Bitcoin consolidates ahead of key US jobs data, but falling returns could signal incoming BTC price pump
Bitcoin (BTC) continues to consolidate within familiar ranges near $29,000 ahead of the release of key US jobs data on Friday.
The data, which is expected to show that the pace of US hiring and wage growth remains robust and that the unemployment rate remains near historically low levels, comes on the heels of a 25bps interest rate hike by the US Federal Reserve earlier in the day. week.
The US central bank lifted its Federal Funds target range to 5.0-5.25% as widely expected by market participants, marking a 500bps tightening in its last 10 meetings.
The Fed has spent the past year tightening economic conditions to bring a rise in US inflationary pressures that began in 2021 under control.
Bitcoin did not see much volatility in the wake of the meeting and is staying well within the $27,000-$31,000ish range that has been in play since March.
Recent Bitcoin price action suggests that the market is in a state of indecision about where Bitcoin is headed next.
Is a retracement above $30,000 on the cards, or a retracement of support in the $25,000 area?
Well, one of the world’s most important asset classes can give traders a clue – that is, the US financial market.
With yields about to break down, could this signal an incoming Bitcoin (BTC) price pump?
While upcoming US jobs data will likely show that the US labor market remained in good health in March, there are already cracks.
The latest US JOLTs survey released earlier this week showed US job vacancies falling to fresh two-year lows, with weaker demand for labor a leading indicator of potential job losses.
And expectations of a weaker US labor market later this year add to the reasons why this week’s hike from the Fed was likely to be the last in this tightening cycle.
Other sectors of the US economy (such as manufacturing, which ISM PMI survey data suggest is in decline) are also weakening as the headwinds of a year of aggressive monetary tightening by the Fed begin to bite.
Perhaps more importantly, a significant new headwind to the US economy has come in the form of a worsening banking crisis.
After First Republic became the fourth major U.S. bank to fail in less than two months, dozens of other regional banks are limping, dragging down banking sector stocks.

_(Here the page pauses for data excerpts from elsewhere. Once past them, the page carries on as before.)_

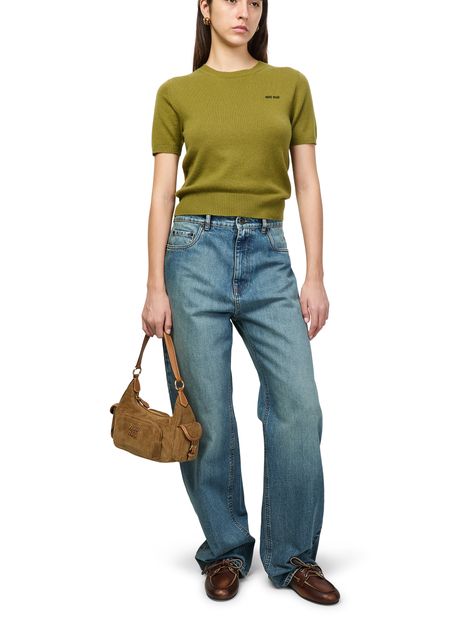 Reveal Miu Miu's cashmere t-shirt, featuring a refined crew neck and short sleeves for a modern silhouette. The embroidered "Miu Miu" logo on the chest adds a signature touch, making this top a versatile choice for both casual and elevated ensembles.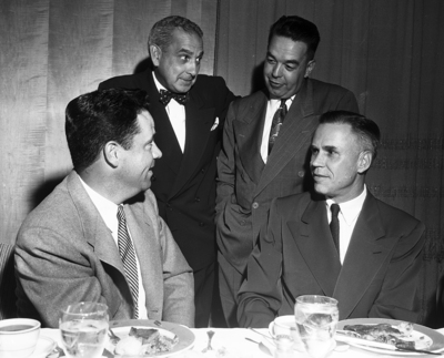 Chamber of commerce dinner honoring Convair on its 30th anniversary. Flying in from Convair's San Diego headquarters for banquet at Hotel Texas celebrating the company's 30th anniversay were left to right, Thomas G. Lanphier Jr., Jack V. Naish, W. C. Rockefeller and R. C. Sebold, all op executives of the company.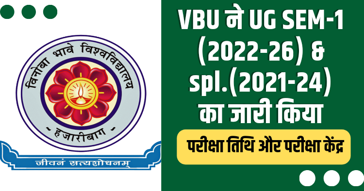 VBU Exam Notice: विनोबा भावे विश्वविद्यालय हजारीबाग (VBU HAZARIBAGH) ने स्नातक लिखित परीक्षा Semester- 1 New Session FYUG (2022-26) और Old Session (2021-24) की तिथि प्रकाशित कर दिया है।

The banking sector’s problems are expected to result in a significant slowdown in lending, a key driver of growth, significantly increasing the risk of recession.
All of this means that the Fed will, more likely than not, have to start cutting interest rates later this year to support growth.
As economic risk and the likelihood of a short-term Fed rate cut cycle increase, US Treasury markets have taken notice.
The 2-year yield hit a new one-month low below 3.7% on Thursday, the 5-year yield hit its lowest levels since September last year, near 3.2%, and the 10-year yield threatens a break below key support around 3.3% .
If interest rates continue to fall, which seems likely in the medium term given the worsening banking crisis (and even if Friday’s US jobs data beats expectations), it represents (and also creates) a more favorable macro backdrop for cryptocurrencies like Bitcoin.
In recent history, Bitcoin has performed well during times of easing economic conditions (ie falling yields).
It can also count on another medium-term tailwind in the form of safe demand as investors look to “hard-money” alternatives to fiat currencies – such as gold and Bitcoin – as concerns about financial stability rise.
Assuming the downward trend in US interest rates continues amid banking crisis/increasing recession risk, and assuming this also hits the value of the US dollar (which is also negatively correlated to Bitcoin), the risk is tilted more towards a possible short-term Bitcoin price pump as opposed to to a new bear market.